Understanding of Neuroblastoma Risk Enhanced
Two studies looking at the genetic causes of neuroblastoma have unlocked much of the mystery surrounding why it arises in some children and not in others. This complex and puzzling cancer is the most common solid cancer of early childhood, causing 15 percent of all childhood cancer deaths. Pulling from the strengths of the CHOP Research powerhouses the Center for Applied Genomics and the Center for Childhood Cancer Research, the studies used DNA samples collected from around the world by the Children’s Oncology Group to better define the genetic landscape of neuroblastoma.
In the largest pediatric oncology gene study ever conducted, led by John Maris, MD, chief of the Division of Oncology and director of the Center for Childhood Cancer Research, the team performed a genome-wide association study to compare DNA from neuroblastoma patients with DNA from healthy children. The team found that common variants in the gene BARD1 increase a child’s susceptibility to a high-risk form of neuroblastoma. Published in Nature Genetics, this study has opened the door for research to understand the mechanism by which BARD1 gene variants act on developing nervous system cells to give rise to cancer during fetal or early development.
A second genome-wide study, spearheaded by Sharon Diskin, PhD, Division of Oncology, and published in Nature, found that an inherited copy number variation (CNV) – a missing stretch of DNA – along a structurally weak location on chromosome 1 plays an important role in the development of neuroblastoma. The chromosome region where the CNV is located, 1q21.1, contains a large family of genes that are involved in the development of the nervous system. The CNV identified in the study changes how much of one particular gene is made within normal nerve and neuroblastoma cells. In addition to the impact this has on neuroblastoma research, this study is notable in the field of genome-wide analysis as a whole, as it was the first to show a specific CNV predisposes people to cancer and has set the stage for studies to identify the mechanisms of how CNVs may increase the risk of cancer.

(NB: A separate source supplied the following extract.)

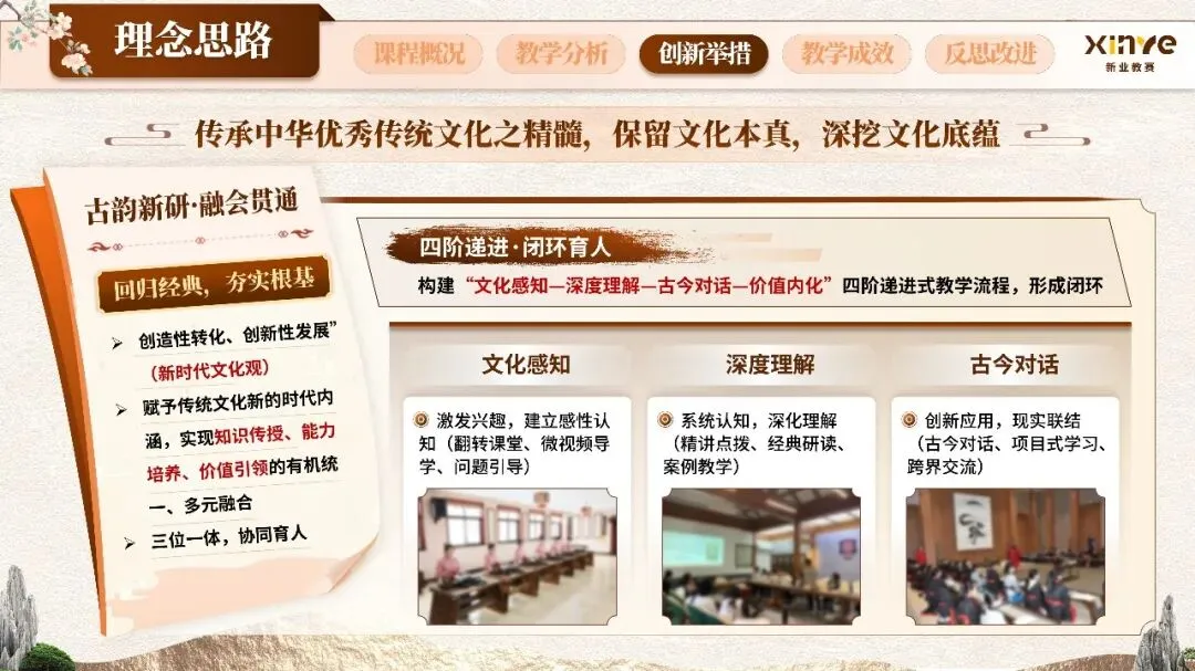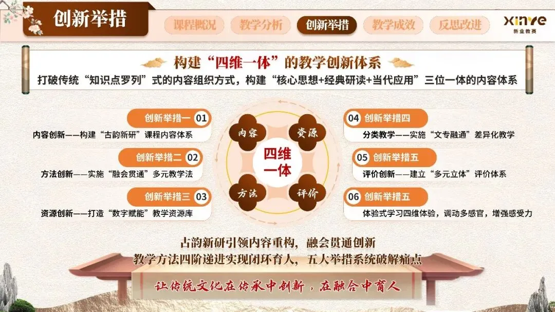 围绕“古韵新研·融会贯通”这一核心理念,系统构建四维一体的教学创新体系:内容创新方面,构建“核心思想+经典研读+当代应用”三位一体的课程内容体系;方法创新方面,通过多元方法破解“学而无用”困境;评价创新方面,建立多元立体评价体系;资源创新方面,打造数字赋能教学资源库,让传统文化可感知、可交互、可应用。

Diskin SJ, Hou C, Glessner JT, Attiyeh EF, Laudenslager M, Bosse K, Cole K, Mossé YP, Wood A, Lynch JE, Pecor K, Diamond M, Winter C, Wang K, Kim C, Geiger EA, McGrady PW, Blakemore AI, London WB, Shaikh TH, Bradfield J, Grant SF, Li H, Devoto M, Rappaport ER, Hakonarson H, Maris JM. Copy number variation at 1q21.1 associated with neuroblastoma. Nature. 2009 Jun 18;459(7249):987-91.